A hazard of precedence

I encountered a bug recently from a precedence mistake. Someone had written if (a = b == c), intending if ((a = b) == c) - but in C == has higher precedence than =, so that wasn't how the parser saw it. The typechecker didn't object, because the result type of == in C is int, so all was apparently well. None of the humans noticed either, perhaps because b was a large expression, so the two infix operators were far apart.

Operator precedence saves lots of parentheses, but it does occasionally lead to bugs. It's one of the class of language features that work by resolving ambiguity, and these have a common hazard: when you don't notice the ambiguity, it will still be resolved, and not necessarily as you intend.

Short names are addictive

This morning I tried to do this in Common Lisp:

(defun neighbors (x y)
  (mapcar (fn (dx dy) (vector (+ x dx) (+ y dy)))
          '(-1 0 1 0)
          '(0 1 0 -1)))

Naturally, SBCL spit out half a page of warnings, starting with this:

;     (+ X DX)
; 
; caught WARNING:
;   undefined variable: DX

;     (DX DY)
; 
; caught STYLE-WARNING:
;   undefined function: DX
; 
; caught WARNING:
;   undefined variable: DY

It took me an embarassingly long time to figure out why. I have become so used to fn being lambda — in Arc, Clojure, and any number of other new Lisps, including my own — that I didn't notice anything out of the ordinary.

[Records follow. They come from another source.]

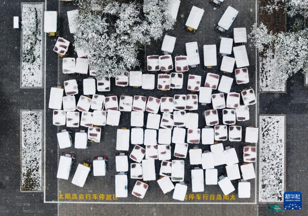 这是10月17日在哈尔滨市太阳岛风景区拍摄的落满积雪的自行车车篷(无人机照片)。
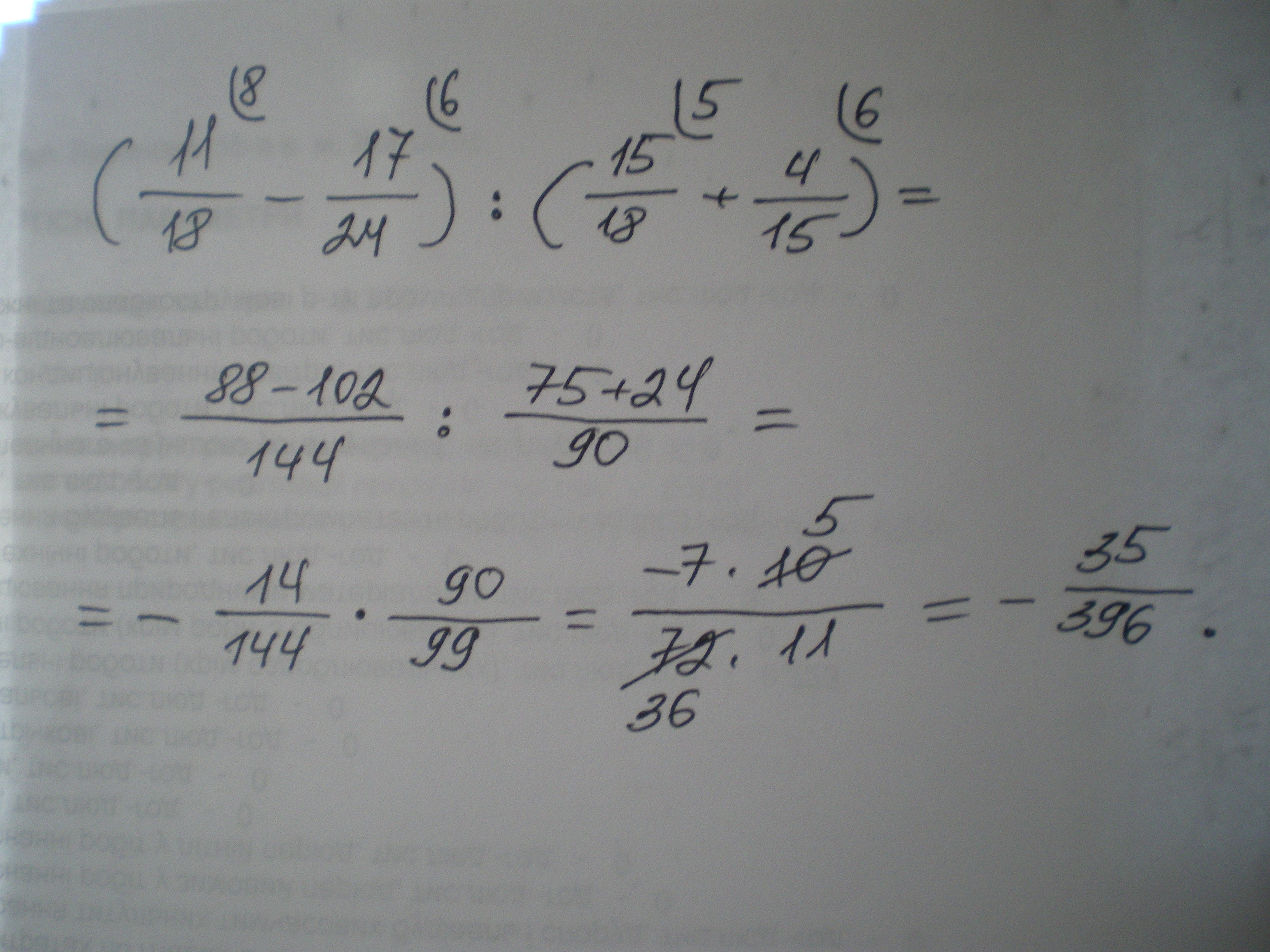 Помогите пожалуйста решить пример скобка открывается 11/18 - 17 24 скобка закрывается разделить скобка открывается минус 15/18 плюс 4/15 скобка закрывается. Пожалуйста Напишите на листочке ,сфоткайте и отправьте! И пожалуйста чтобы там всё было понятно!
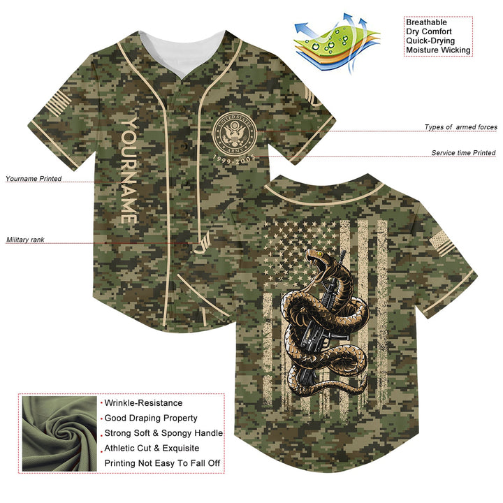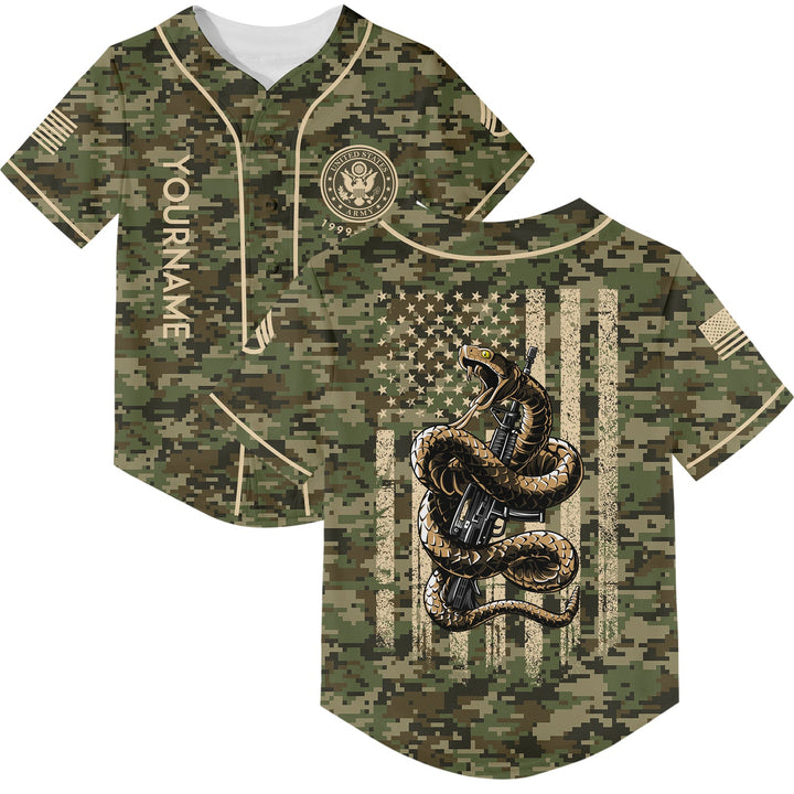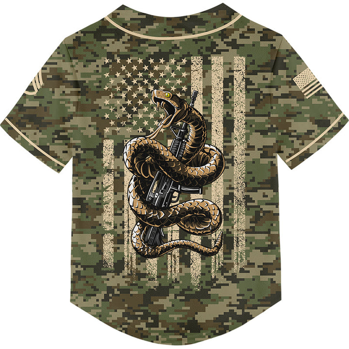 Custom Camo Snake American Flag U.S. Army Military Staff Sergeant Rank Veteran Name Memorial Day Name Baseball Jersey | Father's Day Gifts
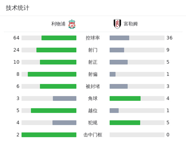 第20分钟,利物浦前场任意球机会,阿诺德选择直接攻门,这球造成莱诺乌龙球,利物浦1-0富勒姆。
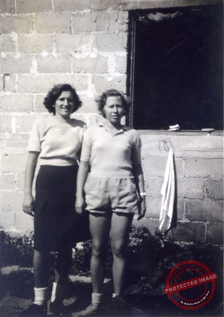 הסיירות יהודית בן תקוה, מימין, ומרים סימון ליד "הבנין הלא-גמור" בגבעת רמב"ם בו התגוררו עם 45 בחורים.

I did at least remember that CL can't add vectors, which was how I wanted to write it. This is a hazard of learning new languages, and of designing them: improvements, even such minor ones as shorter names, are addictive. They're fun at first, but soon you become dependent on them, and the old ways seem unbearably clunky, if you can even remember them.

The value of extensible format strings

Common Lisp's version of printf is the famously overpowered format. In addition to everything printf does, it has conditionals, iteration, recursion, case-folding, tabulation and justification, pretty-printing, English plurals and number names (cardinal and ordinal), and two kinds of Roman numerals. Surprisingly, in a language where almost everything is user-accessible, most of these features are not available separately, only through format. The complexity is such that there's a compiler to make format strings execute faster. Sadly (or not, depending on your perspective) it's not Turing-complete, but that's only because it has no way to store information.

Of course there's a way around that. None of format's features is quite as overpowered as ~/, which calls arbitrary functions: (format stream "~/package:function/" x) does (package:function stream x nil nil). (The two nils are for some other features not used in this case. Yes, there are more. Are you surprised? And yes, in practice the explicit package name is required.) User extensibility is a good principle, but this seems silly. Why would you ever want to call a function through format instead of doing so directly?

Well, the other day I had to generate some XML in C, and the obvious way was with printf:

fprintf(somefile, "<element attr=\"%s\" />", somestring);

But there might be XML-meaningful characters in the string, and I didn't want to mess around with fancy XML-generation libraries. So I had to either escape the string before printing...

char buffer[BIG_ENOUGH]; /* yeah, right */
escape_xml(buffer, BIG_ENOUGH, somestring);
fprintf(somefile, "<element attr=\"%s\" />", buffer);

...or give up on printf, which was what I ended up doing:

fprintf(somefile, "<element attr=\"");
print_xml_string(somefile, somestring);
fprintf(somefile, "\" />");

Either option destroys the clarity of the printf. What I really wanted was a custom printf operation, like this:

fprintf(somefile, "<element attr=\"%/escape_xml/\" />", somestring);

That's exactly what format's ~/ command does:

(format somefile "<element attr=\"~/xml:escape/\" />" somestring)

I guess it's not so silly after all. It is verbose (imagine repeating ~/xml:escape/ for each of a dozen attributes), but that's fixable. If there were an interface for defining new format commands, then any frequently used ~/ function could be given a one-character form, and all would be well, except possibly for readability. (Although in this case all of the obvious characters x e & < s are already taken.) Lisp being Lisp, you generally can get at the implementation's way of defining format commands, e.g. sb!format::def-format-directive, but depending on implementation internals is not usually a good idea. Exposing this interface would make format more malleable, like the rest of the language, and would also make its long feature list easier to swallow.

For new languages, though, I think I prefer string interpolation, which avoids the issue entirely:

(put somefile "<element attr=\"$(xml:escape somestring)\" />")

It would also be nice to have a choice of string delimiters, so the quotemarks don't require escaping. But that's a different, less interesting issue.